Aldiscon launched the world's first commercial Short Messaging Services in 1993 using its Telepath SMSC platform in the UK, Hong Kong and USA. By the time of its sale to Logica Plc in 1997, the company supplied over 70 mobile carriers worldwide in technologies including GSM, DCS 1800, UMTS, IS-95 (CDMA), CDMA2000, ANSI-136 (TDMA), Japanese PDC and Motorola's iDEN.

Aldiscon developed the Short Message Peer-to-Peer (SMPP) telecommunications industry protocol for exchanging SMS messages between SMS peer entities such as short message service centres, voice mail systems and distributed telemetry elements. By the late 1990s, the company put the protocol into a non-profit entity called the SMS Forum whose members included both messaging system suppliers and carriers.

Aldiscon founders helped establish several mobile software companies based in the Republic of Ireland and in Northern Ireland, UK. Some include Aldiscon, Apion, Aepona, Ammeon, Accuris Networks and Altion.
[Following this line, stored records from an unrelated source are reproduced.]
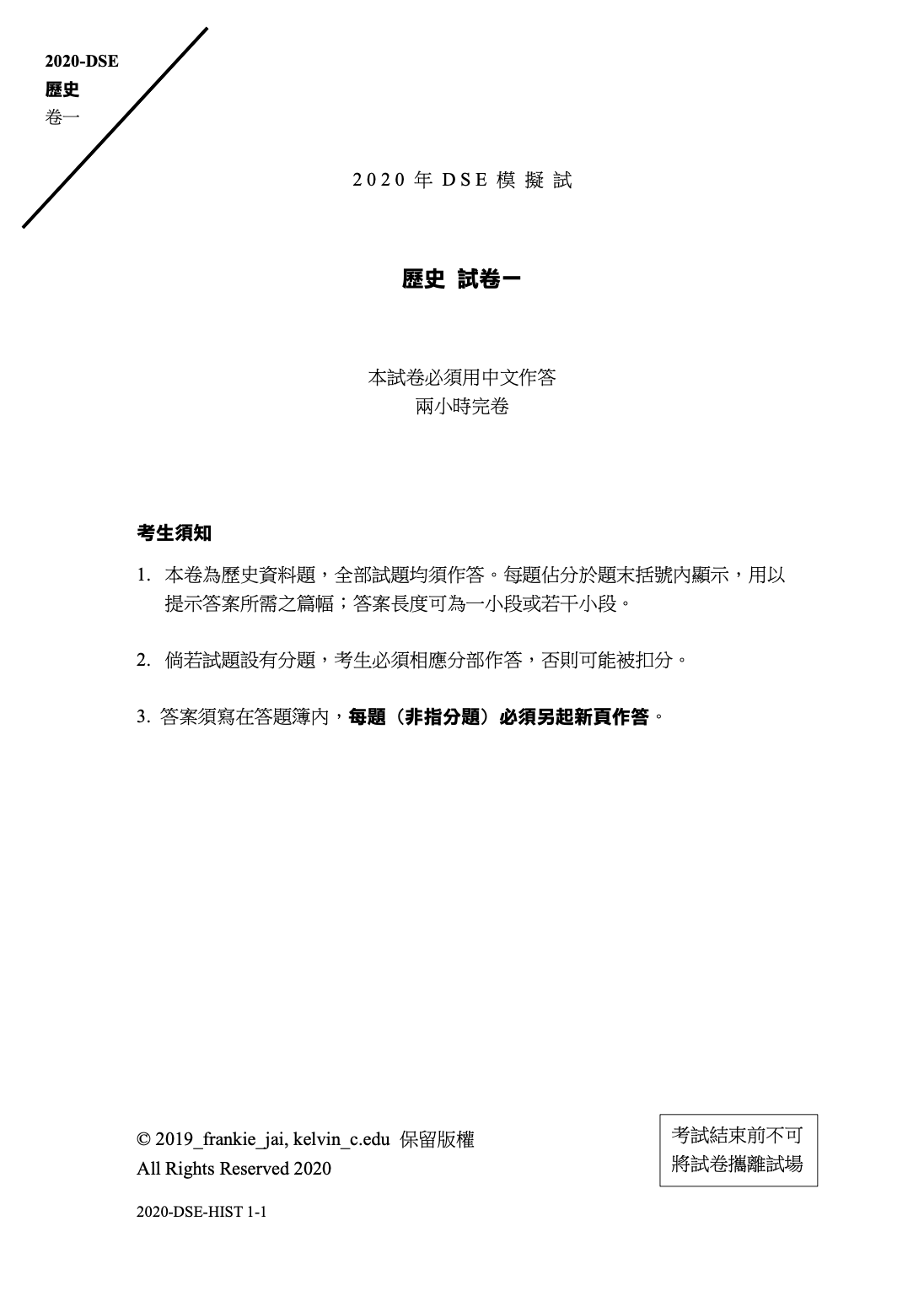 兩位深黯 DSE 歷史考試之道的過來人特意為 DSE 考生炮製了足足121頁模擬試卷套裝,包含四題 DBQ 及七題 essay並附設評卷參考及考生示例,絕對值得參考!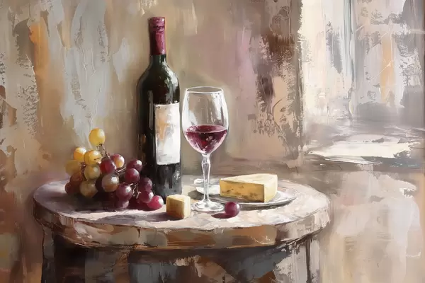 Plakát a sziklán Csendélet szőlővel és borral f38796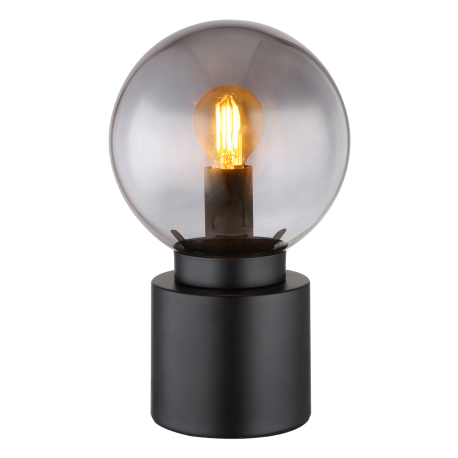 GL-21003B Stolní lampa, kov černý matný, sklo kouřové, kolébkový vypínač na kabelu, Ø:150mm, V:245mm, délka kabelu 1500mm, bez žárovky 1xE14, 25W 230V - Marka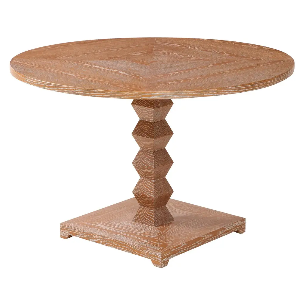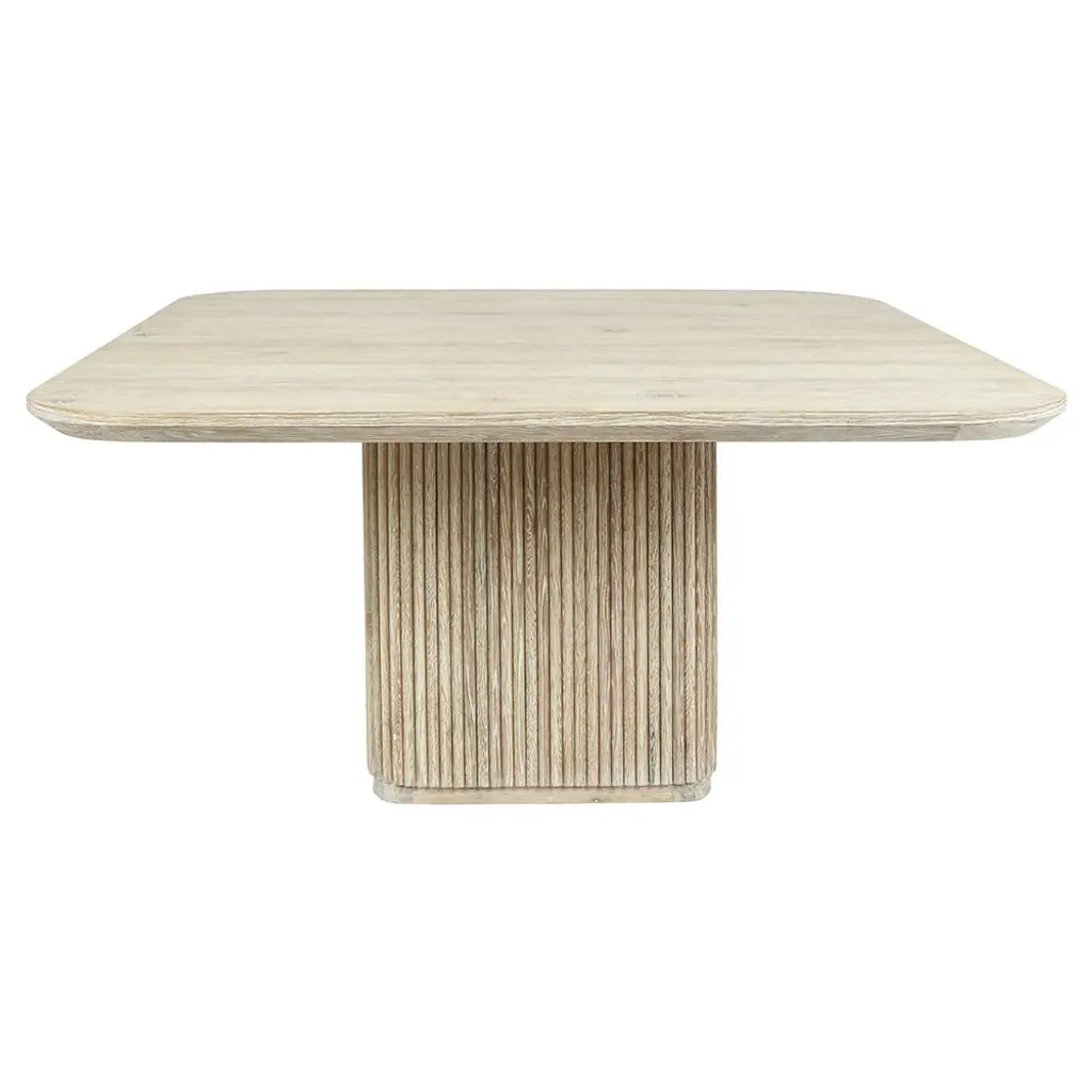 The wire-brushed and cerused finish on our Sayan Dining Table, which we call, highlights the wood grain on this oak dining table. Aimee Kurzner was thinking of the natural modern trend when she designed this family of products, which was inspired by her travels in Indonesia. We have a number of Sayan designs in natural and black finishes.

Aldiscon originally consisted of three subsidiaries: Aldiscon Telecommunications Software Systems, Ltd. based in Dublin, Ireland; Aldiscon, Inc. based in Dublin, Ohio USA; and Aldiscon Northern Ireland Ltd. based in Belfast, Northern Ireland.

==Acquisition by Logica==
Aldiscon was acquired by Logica Plc of London, UK in 1997 for GBP 56.9 million. Logica Plc was a large systems integration firm and it renamed Aldiscon as Logica Mobile Networks. By 2002, Logica Mobile Networks generated USD 400M of Logica's revenue. At the time of the sale, Aldiscon Northern Ireland was spun out into a separate company, Apion Ltd, and retained by the original owners. Logica Mobile Networks was divested from Logica in 2007, with the new company named Acision and Aldiscon founder Larry Quinn returning to chair it.

In October 1999, Phone.com acquired APiON's Wireless Application Protocol (WAP) product division. APiON shareholders received 1.3 million shares in Phone.com valued at approximately £150 million (US$239 million). A new spin off company, AePONA, was created at same time and retained by the original owners.